Between 1910 and 1947 Young wrote 11 novels, which are primarily domestic, and are very much of their time and place, mostly portraying life in Radstowe, a fictionalised version of Bristol, where she lived for many years. The plots are slight, the story-lines slow, and her writing very quiet, with subtle depictions of the delicate nuances of class and social structure, and the tension caused by the need for public proprietry balanced against private desires. Her observations of relationships are equally acute as she exposes the feelings between man and woman, parent and child, sister and sister. In some ways she’s quite subversive because she’s not afraid to question the moral values of her day.

I have to admit, that whilst running around doing bits and pieces for my mother I forgot about this anniversary, but I wanted to post something, because EH Young is one of my favourite authors, and Jane has gone to all the trouble of organising a ‘Birthday Book’, so fans of forgotten female authors ought to support her. So here are a few rather garbled thoughts on William, which I enjoyed immensely.

It focuses on the relationships within the Nesbitt family – shipping magnate William, his wife Kate, and their five grown-up children, Dora, Mabel, Lydia, Janet and Walter. On the face of it the Nesbitts are a happy, conventional family. Then Lydia leaves her husband for another man, and the scandal affects everyone in different ways (the novel was written in 1925 when such behaviour would have made Lydia a social outcast and brought censure on her family). And as the novel unfolds become cracks appear in other relationships.

There is Dora, miserably married to Herbert, who is a bully, but a wealthy bully, and she remains with him for the sake of the children and her luxurious lifestyle. And there is Mabel, something of an outsider in the family, who marries mean-minded, penny-pinching John and makes a virtue out of wearing ugly shoes. dowdy clothes, and running everywhere because she cannot afford a taxi. Then there is lonely, unhappy Janet, craving independence, but still living at home and in love with Lydia’s husband Oliver. And there is Lydia herself, who remains something of a cipher, seen through the eyes of others, her motives a mystery but, seemingly, no happier for leaving her husband than she was with him.
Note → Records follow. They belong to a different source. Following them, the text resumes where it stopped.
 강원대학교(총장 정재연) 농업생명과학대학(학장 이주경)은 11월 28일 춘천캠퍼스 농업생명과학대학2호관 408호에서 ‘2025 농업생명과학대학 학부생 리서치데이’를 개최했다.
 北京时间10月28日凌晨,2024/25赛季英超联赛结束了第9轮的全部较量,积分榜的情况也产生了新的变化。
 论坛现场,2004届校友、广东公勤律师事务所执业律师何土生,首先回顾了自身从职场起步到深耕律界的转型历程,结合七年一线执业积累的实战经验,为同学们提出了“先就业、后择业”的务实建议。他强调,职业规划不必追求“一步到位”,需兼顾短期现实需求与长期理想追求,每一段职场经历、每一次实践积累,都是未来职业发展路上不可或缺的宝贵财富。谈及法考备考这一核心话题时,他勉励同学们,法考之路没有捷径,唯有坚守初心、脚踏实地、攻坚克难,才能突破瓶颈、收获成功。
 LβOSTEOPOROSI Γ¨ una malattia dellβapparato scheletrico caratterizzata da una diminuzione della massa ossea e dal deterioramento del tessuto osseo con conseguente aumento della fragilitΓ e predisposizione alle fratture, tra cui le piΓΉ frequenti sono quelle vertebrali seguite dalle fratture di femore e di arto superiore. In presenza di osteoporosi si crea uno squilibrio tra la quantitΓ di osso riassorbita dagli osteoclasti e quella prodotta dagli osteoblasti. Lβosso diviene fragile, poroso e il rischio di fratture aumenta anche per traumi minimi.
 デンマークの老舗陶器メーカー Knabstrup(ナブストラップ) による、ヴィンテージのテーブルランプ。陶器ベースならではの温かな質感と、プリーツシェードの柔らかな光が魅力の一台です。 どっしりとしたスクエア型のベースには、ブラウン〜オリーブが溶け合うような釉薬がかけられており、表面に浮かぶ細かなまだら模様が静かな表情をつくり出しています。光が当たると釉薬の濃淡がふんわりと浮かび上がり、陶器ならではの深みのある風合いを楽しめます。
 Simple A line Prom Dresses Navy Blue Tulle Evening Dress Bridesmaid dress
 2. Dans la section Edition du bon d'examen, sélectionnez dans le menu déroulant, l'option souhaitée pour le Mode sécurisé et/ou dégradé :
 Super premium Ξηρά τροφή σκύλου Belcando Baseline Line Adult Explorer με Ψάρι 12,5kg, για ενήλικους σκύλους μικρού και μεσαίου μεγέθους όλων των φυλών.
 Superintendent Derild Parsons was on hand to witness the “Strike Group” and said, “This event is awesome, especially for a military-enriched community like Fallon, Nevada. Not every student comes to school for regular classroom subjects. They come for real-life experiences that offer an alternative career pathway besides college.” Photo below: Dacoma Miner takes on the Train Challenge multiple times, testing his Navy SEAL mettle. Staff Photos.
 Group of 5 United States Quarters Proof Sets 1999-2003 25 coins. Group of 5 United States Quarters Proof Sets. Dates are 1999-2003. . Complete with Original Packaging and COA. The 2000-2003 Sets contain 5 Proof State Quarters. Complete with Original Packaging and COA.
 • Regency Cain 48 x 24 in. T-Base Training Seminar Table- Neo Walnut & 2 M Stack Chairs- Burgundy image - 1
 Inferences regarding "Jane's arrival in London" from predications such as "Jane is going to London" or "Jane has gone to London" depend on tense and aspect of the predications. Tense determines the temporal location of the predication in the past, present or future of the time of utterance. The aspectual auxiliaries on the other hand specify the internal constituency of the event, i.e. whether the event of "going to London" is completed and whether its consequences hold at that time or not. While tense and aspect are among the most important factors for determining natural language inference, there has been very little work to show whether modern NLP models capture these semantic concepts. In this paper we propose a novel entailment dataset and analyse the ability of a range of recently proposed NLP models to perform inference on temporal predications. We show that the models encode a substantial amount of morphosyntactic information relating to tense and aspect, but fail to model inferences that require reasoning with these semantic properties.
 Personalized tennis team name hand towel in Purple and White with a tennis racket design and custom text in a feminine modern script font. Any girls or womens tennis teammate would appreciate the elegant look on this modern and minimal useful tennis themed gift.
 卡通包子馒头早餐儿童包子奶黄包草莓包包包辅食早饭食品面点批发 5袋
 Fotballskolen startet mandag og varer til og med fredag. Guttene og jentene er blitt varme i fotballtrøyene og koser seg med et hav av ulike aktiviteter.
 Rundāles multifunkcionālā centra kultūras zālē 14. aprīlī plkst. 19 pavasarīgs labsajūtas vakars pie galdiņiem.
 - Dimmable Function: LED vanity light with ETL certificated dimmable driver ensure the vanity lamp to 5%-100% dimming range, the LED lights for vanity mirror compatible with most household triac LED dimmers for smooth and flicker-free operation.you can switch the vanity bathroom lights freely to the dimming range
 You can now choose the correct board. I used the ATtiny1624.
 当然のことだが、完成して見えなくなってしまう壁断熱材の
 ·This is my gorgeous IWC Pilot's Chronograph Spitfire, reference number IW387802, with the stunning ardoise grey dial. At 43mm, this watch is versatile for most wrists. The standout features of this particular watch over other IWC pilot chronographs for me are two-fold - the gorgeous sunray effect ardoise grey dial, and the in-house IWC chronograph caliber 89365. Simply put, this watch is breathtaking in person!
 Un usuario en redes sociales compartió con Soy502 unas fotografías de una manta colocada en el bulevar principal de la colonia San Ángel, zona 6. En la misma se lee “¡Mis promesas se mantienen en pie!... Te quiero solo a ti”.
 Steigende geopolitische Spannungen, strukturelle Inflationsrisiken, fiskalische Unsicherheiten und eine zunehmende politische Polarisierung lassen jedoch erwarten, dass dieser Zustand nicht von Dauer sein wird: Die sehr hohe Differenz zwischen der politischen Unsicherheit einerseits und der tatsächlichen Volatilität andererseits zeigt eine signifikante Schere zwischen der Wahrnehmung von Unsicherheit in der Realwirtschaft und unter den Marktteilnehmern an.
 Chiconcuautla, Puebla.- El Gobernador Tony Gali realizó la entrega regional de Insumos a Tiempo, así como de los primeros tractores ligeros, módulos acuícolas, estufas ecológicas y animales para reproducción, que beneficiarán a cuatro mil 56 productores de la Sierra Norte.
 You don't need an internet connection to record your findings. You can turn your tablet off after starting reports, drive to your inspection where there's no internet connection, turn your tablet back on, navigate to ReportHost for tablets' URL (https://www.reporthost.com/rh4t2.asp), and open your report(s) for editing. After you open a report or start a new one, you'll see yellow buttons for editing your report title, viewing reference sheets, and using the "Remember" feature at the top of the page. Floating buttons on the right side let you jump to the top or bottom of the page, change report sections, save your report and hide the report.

And, of course, there are William and Kate, and the rift whiich opens between them when Lydia runs away. William is the chief protagonist, and we see things mainly from his point of view. Obviously a shrewd businessman, he’s a self-made man who has worked his way) up in the world, and is satisfied with his achievements (but never smug). Quiet and unassuming, he is, at heart, a family man who loves his wife and children, but is not blind to their faults, or his own – he’s very self-aware, always slightly detached and amused, but never judgemental. And although he wants his children to be happy he realises they must make their own decisions, and that those decisions may not always please him. And although he doesn’t want to interfere he is tempted, on occasions, to nudge things along in what he hopes is the right direction…

His wife Kate is no match for him intellectually, and is inclined to seek refuge in ill health when she thinks she is badly used by family and friends. Social position and doing the right thing are very important to her, and she has her own aspirations for the children, urging them to fall in with her wishes, and she doesn’t agree with William when he says: “I’ve told you, Kate, we can’t have them as we want them. We’re lucky to have them as they are.” She is devastated by Lydia;s behaviour, and is hurt and angry when he supports his favourite daughter. It would be easy to dislike Kate, but I felt sorry for her – I think there’s a bit of empty nest syndrome going on here, and she’s very much a woman of her time and class, with too much time on her hands, and not enough to do.

And while she’s not as self-aware as William, deep down she knows that the children are their own people, with their own dreams and desires, and she does not really understand them. Young tells us: “It had been different when they were all young and at school. She had felt then that they were her own, but perhaps she had been mistaken, perhaps she had not known their secret selves, and she remembered, for the first time for years, how she had once found Lydia crying in the nursery and had not been able to find out what her trouble was. It seemed to her that what she had missed then might be evading her still. She had given birth to five bodies and she would always be a stranger to their souls. This was a terrible thought and it would have been more terrible still if she had known that it was William’s too.”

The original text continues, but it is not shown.